The aviary has received hundreds of calls over the past week, and its staff is only responding to the most promising leads, as Molly Toth, communications and content specialist at the National Aviary, explained in an email. People who spot the bird are asked to call the aviary at 412-323-7235.

“We continue to receive tips, and have had several confirmed sightings,” Toth said. “We believe Kody is spending time between North Park and Riverview Park and areas near Pittsburgh’s Northside.”

Kodiak attracting attention on a Pittsburgh street. (Photo: Jared Latchaw) Kodiak attracting attention on a Pittsburgh street. (Photo: Jared Latchaw)

Starting last Saturday, the aviary “launched a coordinated effort to find a way to bring Kody home,” Toth said. “Animal care staff, volunteers, and even administrative staff have been working in teams to search for Kody and respond to sightings reported by the community.” Other staff members are staying behind to take care of other birds and animals at the aviary, while also mapping sightings, preparing snack bags for the recovery teams, answering calls about sightings, and reaching out to the community for further help, said Toth.
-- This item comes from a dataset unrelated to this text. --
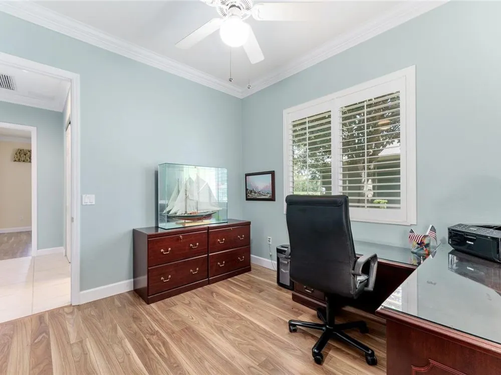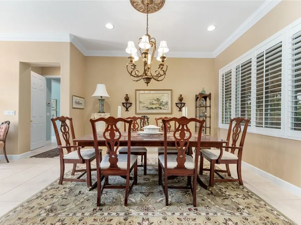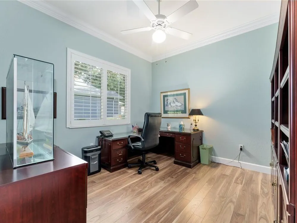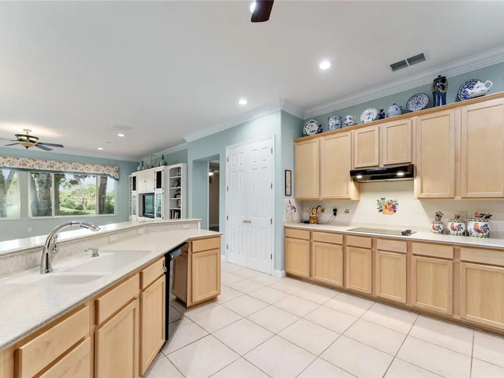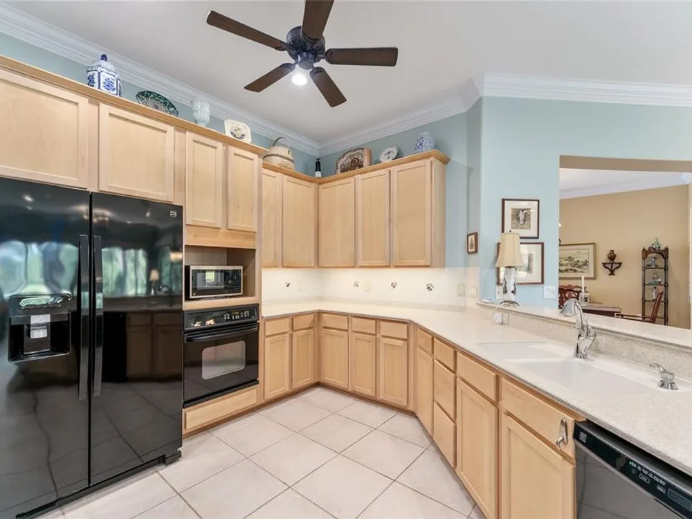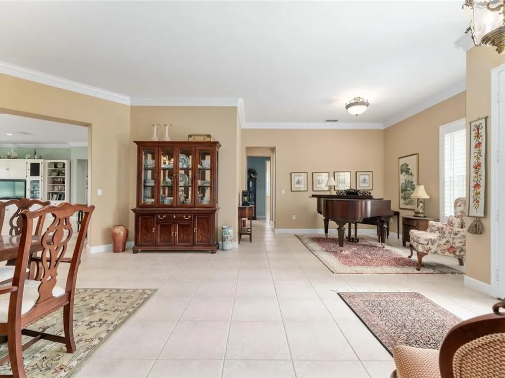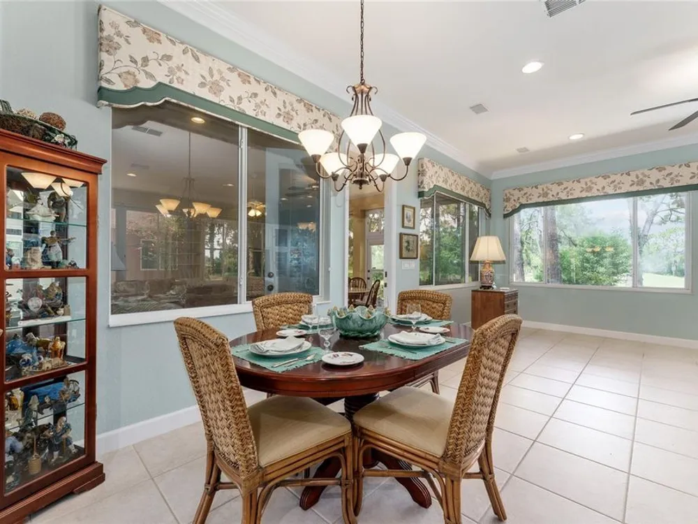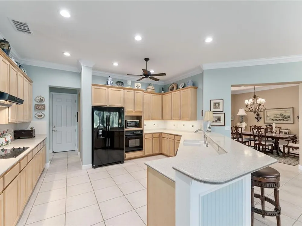 GORGEOUS GOLF COURSE VIEWS - Step into this pristine 2-bedroom, (plus Den/Office/Art Studio/Craft Room) 2 1/2-bathroom home and be captivated by the golf course views of the 7th Green of the Heritage Golf Course in Del Webb's Spruce Creek Golf & Country Club community, located in Summerfield; an hour North of Orlando, 20 minutes South of Ocala and 4 miles North of The Villages, Florida. Entering through the 9' double entry front doors with beveled glass inserts, you will find yourself inside a beautiful home with wonderful appointments. The Formal Living and Dining Rooms are very large and spacious and beyond them you will find an open floor plan with a HUGE kitchen with 42" cabinets, cabinet pull-outs, Corian countertops and tile backsplash; as well as a breakfast nook and 15' x 14' Family Room with gorgeous views of nature in between the home and the golf course. This home has a split bedroom plan (Primary Bedroom has a BRAND NEW waterproof stranded bamboo floor) and an inside laundry room. You will not find a bigger garage than this one, which includes a workshop, parking for 2 cars and a tandem golf cart garage, serviced with a side door to the outside. The home's Roof was replaced in 2018, Generator installed in 2018 and HVAC System in 2017. There are plantation shutters throughout EXCEPT on the back of the home, which would only block the beautiful views outside. There is also crown moldings through-out and 5' basebords. The home is in exceptional condition. Offering a 1 Year Broward Factory Home Warranty. Discover your forever home - schedule a tour today to experience this home first hand.

Steller’s sea eagles are among the largest raptor species on Earth, featuring a 1.83 m-wide wingspan. Nothing like this has ever happened before at the National Aviary, so I asked Toth how the giant bird might be apprehended.

“There are many techniques our staff may use to bring Kody home safely,” she replied. “Our staff have animal behaviour expertise and a deep knowledge of Kody as an individual and insight into his behaviour. The techniques they use will be context-dependent, and may include food as rewards as well as professional falconry equipment such as soft netting.”

The National Aviary provided this image of a Stellar's sea eagle in flight for reference. (Image: National Aviary) The National Aviary provided this image of a Stellar’s sea eagle in flight for reference. (Image: National Aviary)

Encouragingly, or maybe frustratingly, the team came very close to capturing Kodiak earlier Friday — or not close at all, depending on your perspective.

Thanks to a sighting of Kody in the North Park area, the team was able to pinpoint the bird’s location, and they spotted him “roosting at the highest point of one of the tallest trees,” according to an emailed statement. The team, along with the aviary’s executive director, set up camp and monitored the eagle throughout the night. The team confirmed that Kody is still in “excellent health and body condition,” explained Toth. The team set out some food in hopes that Kodiak would fly toward them, but “unfortunately earlier this morning Kody did not come down, and was last sighted flying towards North Park,” according to the statement.

Oof. This could take a while.

Catching Kody will likely require a lucky set of circumstances or his own decision to return to his handlers. Or, he may continue to elude capture. Either way, we’ll keep our eye on this ongoing story.